The reason one might encourage hydrogen to keep plugging is in response to the possibility that a fully developed hydrogen transportation system might have more utility than a BEV system, either in whole or in part. Batteries are great at storing energy, but they’re heavy and slower to fill than hydrogen tanks. Those characteristics that make them better suited to stationary storage than transportation storage.

So when you get past physics, and into economics, that might end up mattering. We don’t know if it will! It very well might not. The cost of hydrogen will almost certainly always be higher than electricity, so unless the economies of scale that have yet to be implemented in hydrogen as a major alternative fuel supply are really high, it might not be viable. And if there were no hiccups with EV uptake once subsidies start to…subside, you might not even consider it as an alternative.

But…what if end-users don’t end up adopting EV’s like we want? What if charging time is a deal-breaker for them? What if the cost of EV’s stays stubbornly high, once the overcapacity and subsidies get squeezed out of the Chinese suppliers? Lots of what-ifs, and they may be very low probability what-ifs…but if the fate of the planet is at stake, you kind of want to have Plan B a little past the drawing board stage just in case you have to pull the trigger.

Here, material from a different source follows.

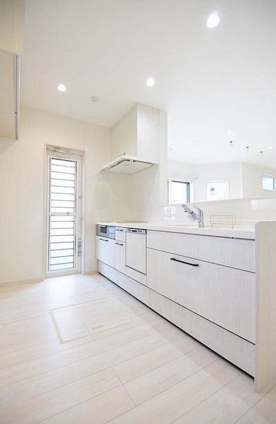 シンプルながらも、広々としたキッチン。光が入り込むLDKに隣接しているので、キッチンも明るくなりました。

Big long distance trucks would both

  1. Benefit enormously from using robotically fast exchangable batteries, and
  2. Have the size to make the added volume needed for an extremely reliable automated exchange mechanism quite reasonable

Truck pulls into automated battery exchange station, robots go clickety clack and a few minutes truck is ready to keep on going.

What am I missing?

d fb

Cost and time.

It costs money to have surplus batteries lying around - the battery is a very expensive part of any EV, and certainly more expensive in a semi. It costs money to design that battery so it’s removable, and in a location where it can be removed quickly, rather than integrated into the systems of the truck.

And because the batteries are so expensive, you never want to swap yours out for someone else’s. You don’t know whether theirs is damaged or later in its useful life. So realistically, you’re only going to swap within your fleet - which makes logistics and management and re-balancing battery locations an expensive proposition.

These batteries weigh at least 4 or 5 tons - so the equipment necessary to remove it and switch it out will be expensive. Every “fueling” station requires the machinery to do it. And that’s not going to be instantaneous - so either you have multiple machinery (cost) or lots of queueing (time).